Having adored the last Assassins Creed video game, when I saw the movie on a streaming service I decided to jump in and see how the film turned out. I hadn’t heard good things from when the film was released and I never got round to seeing it in cinema’s, but I always hope for a film to be good.
I loved the director and actor combo of Justin Kurzel and Michael Fassbender (as well as Marion Cotillard) work on 2015’s Macbeth. A film that was true to the Shakespeare story but with some really stylish action that promised much for this more action heavy film. I will go in-depth on my thoughts of the action later, but I was expecting some great action at the very least from Assassins Creed.
As a fan of the games, I know the lore and long running story behind this film, and that did help me to understand some parts of the film. It did make me think that someone watching this with no prior knowledge may think it’s a bit over complicated and there may be a lot of unexplained plot points and information that would be really useful to the viewer. The film has several easter eggs and hints at the franchise’s gaming heritage, but it never commits fully to that lore and there are no name drops for franchise icons Ezio or Altair. They are hinted at, in one particularly odd scene specifically, but it feels like this film is set in the world as well as separate from it, as no game has mentioned any of the events that take place here as far as I am aware.
Fassbender is in the lead role, and is fine. Which I think is a good word for every performance in this picture. Nobody stands out, everyone is just playing the part they’re given and doing what they can with some questionable dialogue. Nobody feels fully invested in their role and that disappointed me a little, as I felt there was a lot of potential with the cast they put together for this one.

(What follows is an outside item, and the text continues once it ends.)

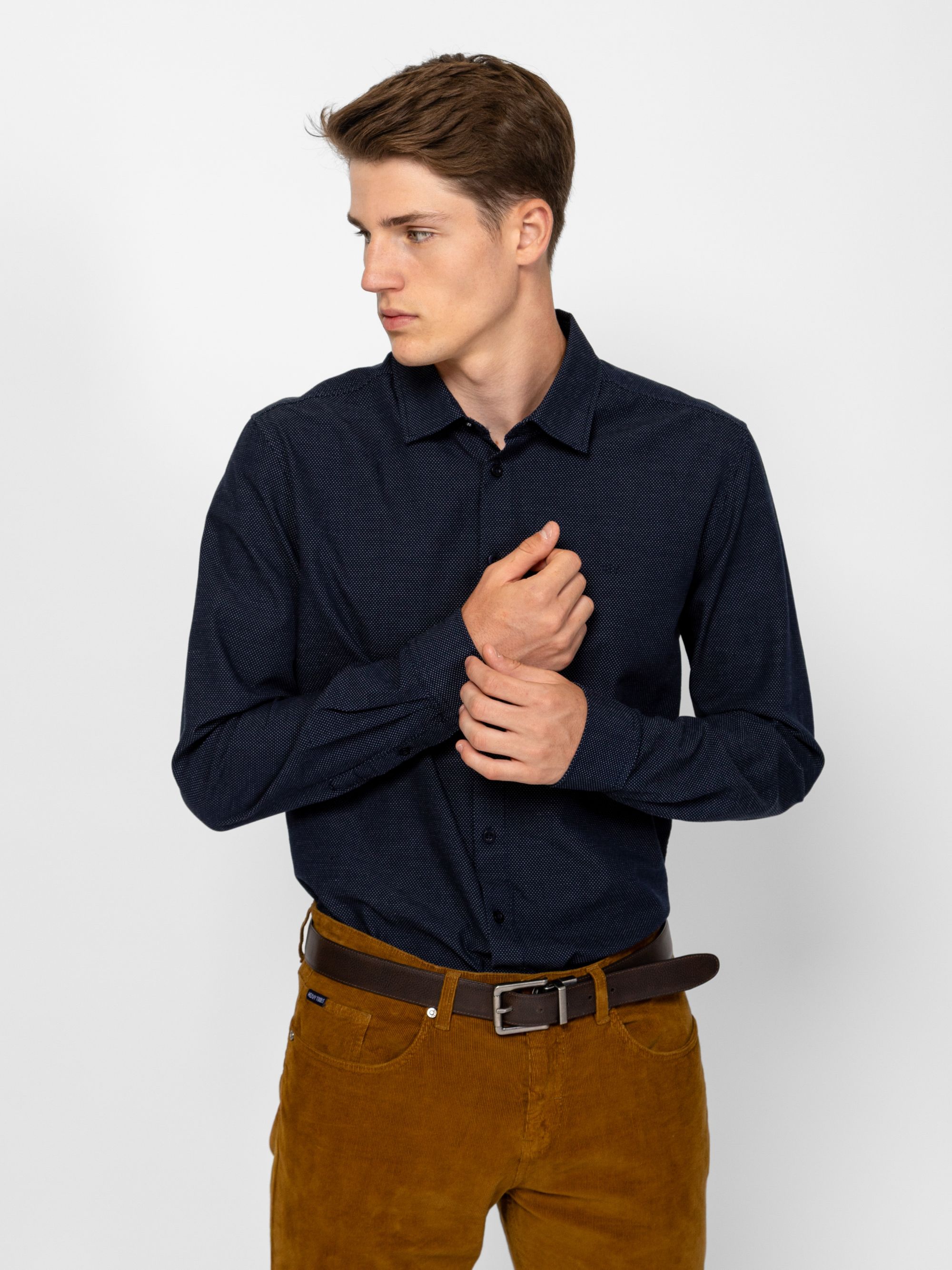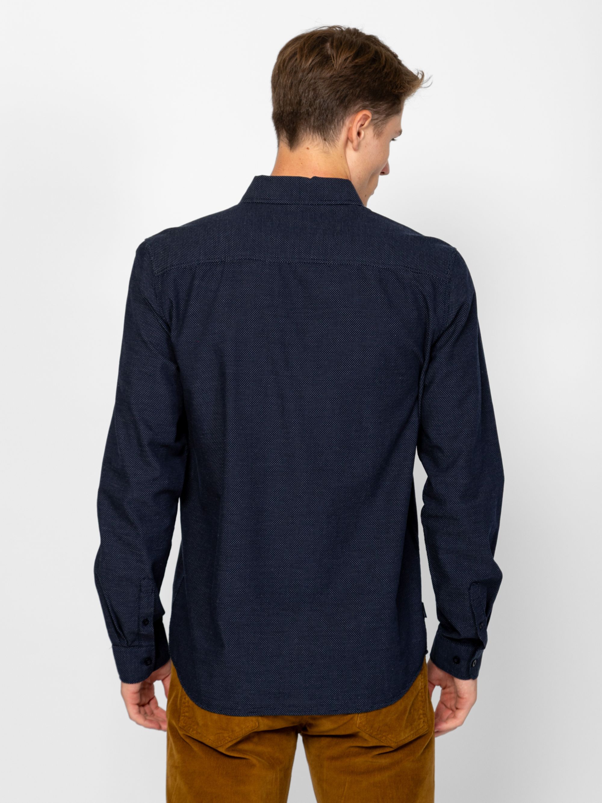 Férfi hosszú ujjú ing, comfort fit szabással, szépen kidolgozott gallér és mandzsetta megoldással, elején kis hímzett márkajelzéssel. A tiszta pamut anyag kellemes érzetet biztosít akár egész napos viselet során is. Anyaga: 100% pamut. A modell 188 cm magas és L-es méretet visel.

Cotillard and Jeremy Irons have an interesting dynamic that is touched on but then falls into the generic roles of the sympathetic villains daughter and the irredeemable evil man.
The lack of meaningful character development we do get with the main character, Fassbender’s Cal Lynch, doesn’t seem to go anywhere and then magically something clicks and he’s a new man. I know video games have had some ropey character development in them over the years, but this script doesn’t give anyone enough to really go on an arc that is worth watching.

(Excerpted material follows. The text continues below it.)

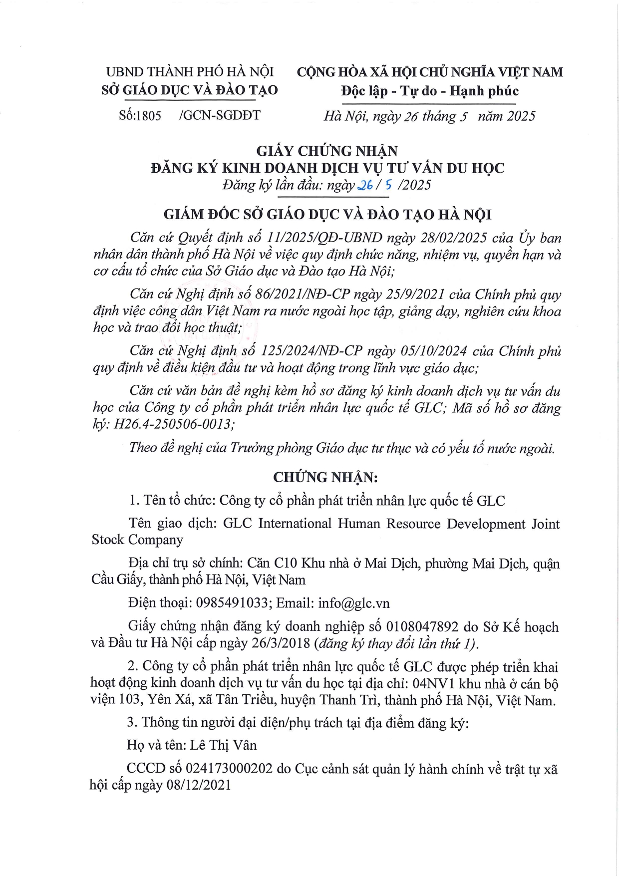 - Giấy chứng nhận đăng kí kinh doanh dịch vụ tư vấn du học số 1805/GCN-SGDĐT cấp ngày 26/05/2025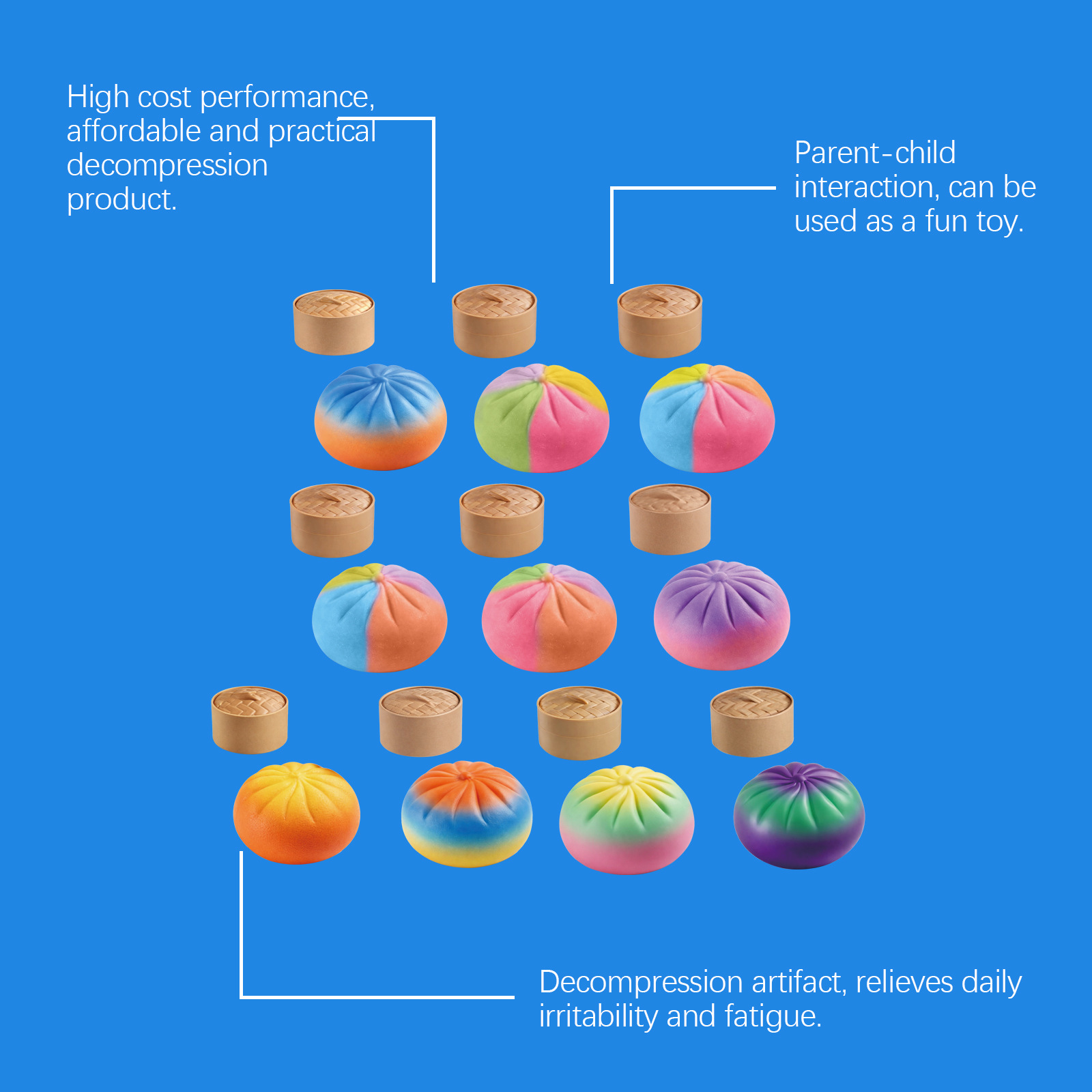 包子捏捏乐 多彩渐变造型日常反复揉捏娱乐趣味互动柔软包子玩具

The other side of Fassbender’s role, as Spanish assassin Aguilar, is intriguing, but that is it. We don’t learn anything about him, why he does what he does, except from a cursory line thrown in to explain why he is who he is. From then he has action scene after action scene, with no explanation or motivations given for why he is doing what he is doing. For me this films divided and broken by the jumps between time, even with action scenes cutting between the two.
The biggest departure from the lore of the AC games is the way the Animus is shown. Every incarnation to date has been a headset or a table you lay on and essentially view through the eyes of your ancestor, with no physical interaction in the current day. For some reason, the film makers behind this film decided to scrap that, and put Michael Fassbender on a giant arm that flings him about as he is living through the eyes of his ancestor Aguilar. The decision to cut between this and the historic time just did not work at all for me.
The action scenes, and there are plenty, are all well shot and in particular the hand to hand, blade to blade combat in ancient spain is brilliant. however we rarely get an entire sequence of action without being shown that Cal is doing it on the giant arm at the same time. The film constantly reminds you there are no stakes here, it’s just a video essentially. That, combined with the complete lack of character development for our ancient assassin make every action scene feel hollow, no matter how cool it looks.
Assassins Creed is a brilliant premise, one ripe for the picking of any film maker to produce gold with. But for god sake, commit to it. We have 100s of hours of games and stories, all set in ancient history. Over the years the modern-day side of AC has largely become a side plot, with 99% of the games being set in the chosen historic setting. For three games we learnt about Ezio, and was hooked on his story, all whilst there was some side stuff happening with Desmond that nobody really cared for. This film should have learnt from the AC games, and whilst it’s clearly inspired by them, I can’t help but feel they missed the mark this time round. There is so much potential here, but I am not sure any studio will attempt it after this mess.
Good: Some cool action, Excellent landscape shots, and PARKOUR!
Bad: Throwing away a premise with so much potential should be enough to put the script writers and directors in movie making prison.
3/10 – One of the most disappointing films of the 2010s.